While CDWs and superconductivity can coexist in some materials, their interaction can be either cooperative or antagonistic. In some cases, the presence of a CDW can enhance superconductivity, while in other cases it can suppress it.
Cooperative effects
One possible scenario is that the formation of a CDW can lead to an increase in the electron-phonon coupling, which is a key factor in conventional superconductivity. This enhanced coupling can strengthen the attractive interactions between electrons and phonons, thereby promoting the formation of Cooper pairs and increasing the critical temperature for superconductivity.
Additionally, in certain materials, the periodic charge density modulation associated with a CDW can open up gaps in the Fermi surface, resulting in the formation of new electron pockets. These new electron pockets can contribute to the overall superconducting properties of the material.
Antagonistic effects
On the other hand, the presence of a CDW can also have detrimental effects on superconductivity. For instance, the periodic potential associated with a CDW can lead to the scattering of Cooper pairs, disrupting their coherence and hindering the superconducting state.

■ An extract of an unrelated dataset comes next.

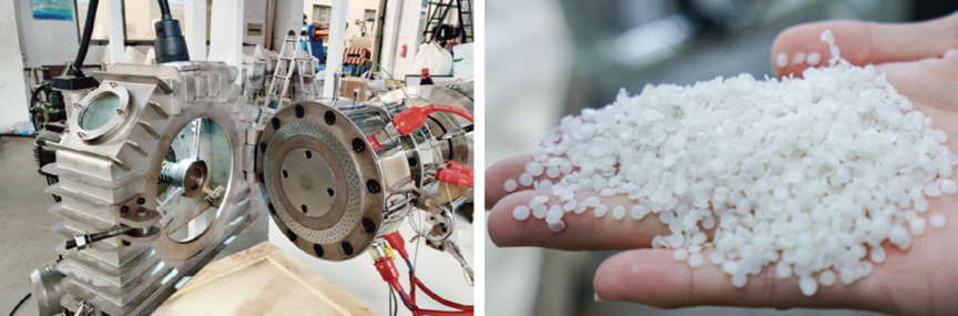 水下切粒系统适用的材料涵盖多个领域,包括增强改性类,如 PVC、PE、EVA 等与碳酸钙、滑石粉、钛白粉、炭黑的组合;可降解母粒类,如 PE、PS 等与淀粉、助剂等的搭配;以及阻燃母粒类,如 PE、EVA 等与阻燃剂等的混合。

Furthermore, in some cases, the formation of a CDW can introduce additional electronic states that compete with the superconducting ground state, making it energetically less favorable. This can lead to a suppression of superconductivity or even its complete disappearance.
The interplay between CDWs and superconductivity is highly material-dependent and can vary widely depending on the specific properties and characteristics of the system. Therefore, it is necessary to study each material individually to understand the intricate relationship between these two phenomena.